From the first line of the listing below, retype each line up to and including the one with "Мужчина с добавками"; pictures stay out.

◆ Supplied material:
= Beginning of Section =
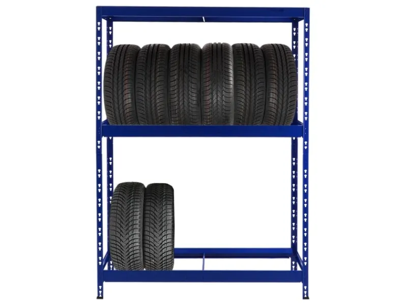 Das Reifenregal hat nach innen geneigte Längsstreben, um die Reifen langfristig zu schützen
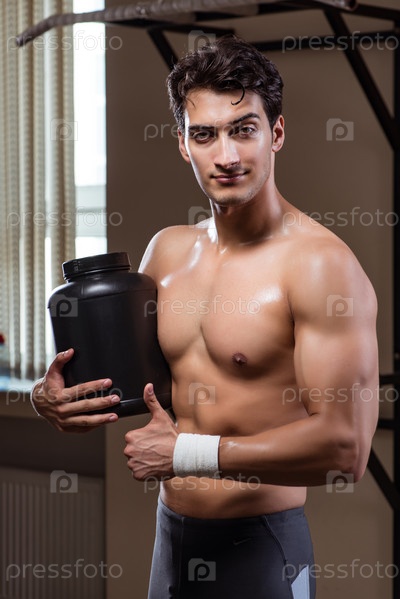Мужчина с добавками питательных веществ в спортивном тренажерном зале
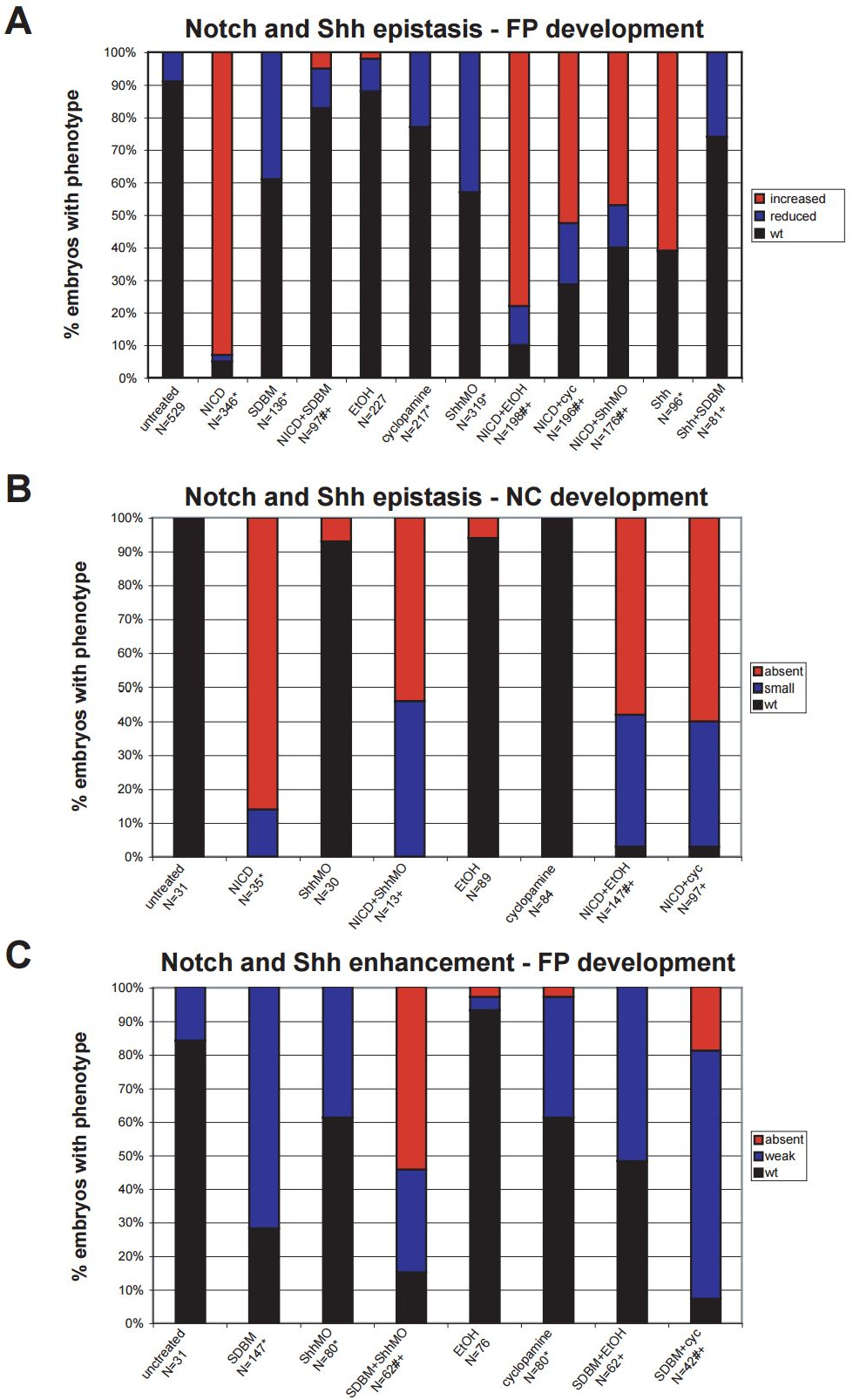 Fig. S5. Notch and Shh signaling operate in parallel to specify floor plate, but Shh signaling is not required for Notch repression of notochord. Quantification of results shown in Fig. 6. Embryos were injected and/or treated as indicated. At stage 20â22, embryos were fixed, bisected, stained for lacZ lineage tracer, and assayed for FP by Netrin ISH (A, C) and for notochord by Tor70 staining (B). We scored FP development by the intensity of Netrin staining and notochord development by the size of the Tor70+ structure. Total percentages of embryos of each phenotype (see Fig. 6) are represented by stacked column graphs. N is the number of bisected embryos scored in at least 2 independent experiments. For determination of statistical significance, Ï2 tests were performed pairwise between 1) controls and single reagents and 2) double treatments and each single component. * significant difference from control, p < 0.05. # significant difference from NICD/SDBM, p < 0.05. + significant difference from other reagent, p < 0.05. |
= End of Section =
◆ Written solution:
 Das Reifenregal hat nach innen geneigte Längsstreben, um die Reifen langfristig zu schützen
Мужчина с добавками питательных веществ в спортивном тренажерном зале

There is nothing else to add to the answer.